During a New Year’s Day party, while talking with a young man and his father, conversation somehow turned to nature and conservation. We were standing by a large bonfire in freezing temperatures. Smoke puffed and billowed from the fire as the father, obviously excited to share his worldview with me, began to explain the difference between “predestination” and “preordination.”
“It’s not just semantics,” he claimed. “Predestination is very different from preordination.”
He went on. “All the world and history are preordained,” he explained. “God has mapped out everything in the past, the present and future. There isn’t a tree that falls in the woods that can change the course of history.”
Now, I will admit I typically ask for these types of conversations. Ever curious about the beliefs of others, and concerned for the manner in which faith is so casually used to justify all sorts of abuses in this world, I took the bait.

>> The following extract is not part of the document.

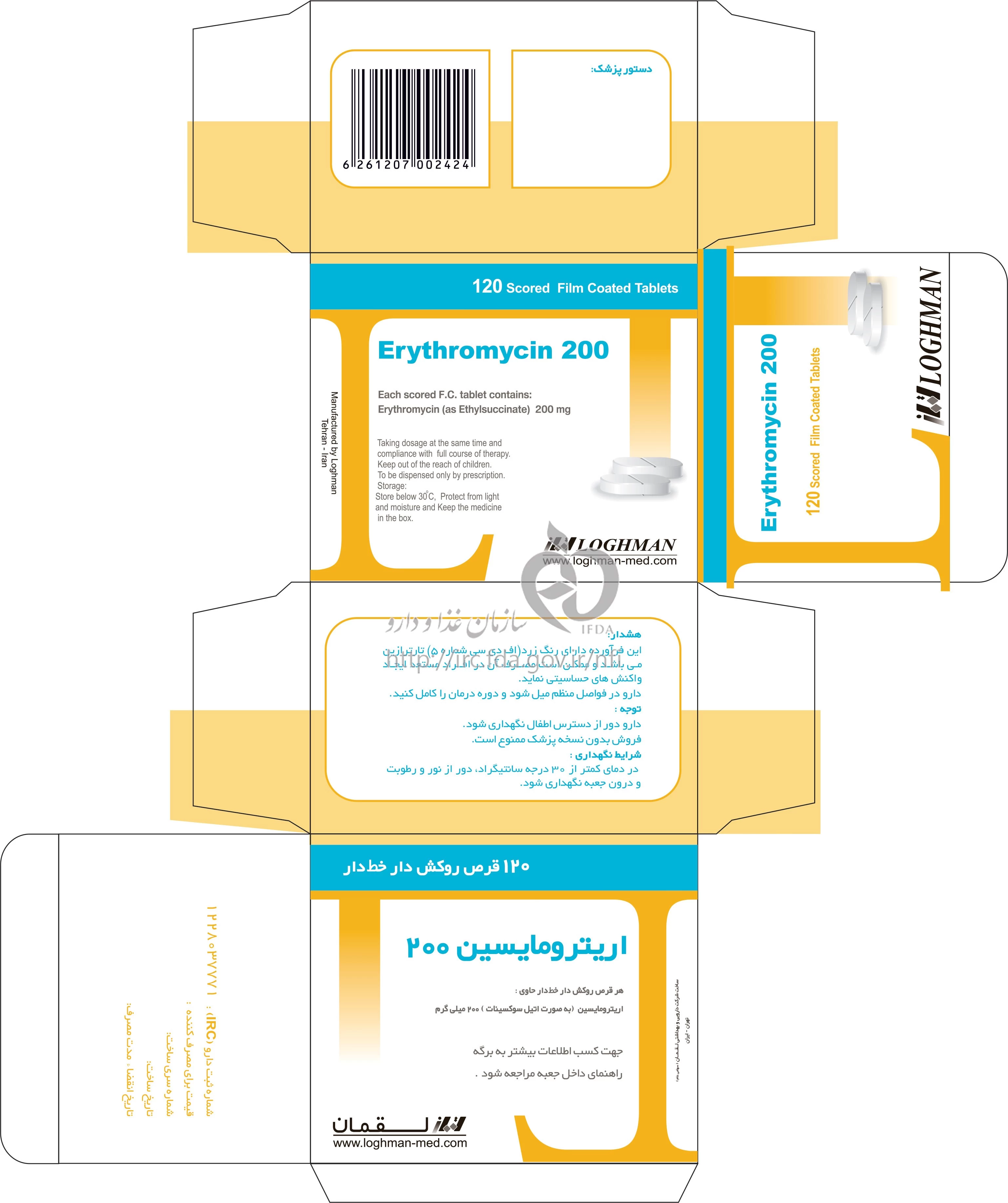دکترها اریترومایسین قرص خوراکی 200 mg

“What about free will?” I asked him.
Just then someone interrupted the conversation. That agitated him, because he’d just delved into his principal point, and he wanted to drive it home like a stake through my theological heart.
God is a control freak. That was his point.
What really matters?
My mind rushed through the implications of preordination. If all is preordained, then nothing we do as human beings can ever matter. “Science is wonderful,” he admitted. But it’s apparently useless. Still, he was proud of the fact that his son had been courted by schools for biomedical engineering. The kid walked away from scholarship offers. He’s working as a manager of an eldercare facility. “I like older people,” he smiled. “And I want to go into physical therapy to help them.”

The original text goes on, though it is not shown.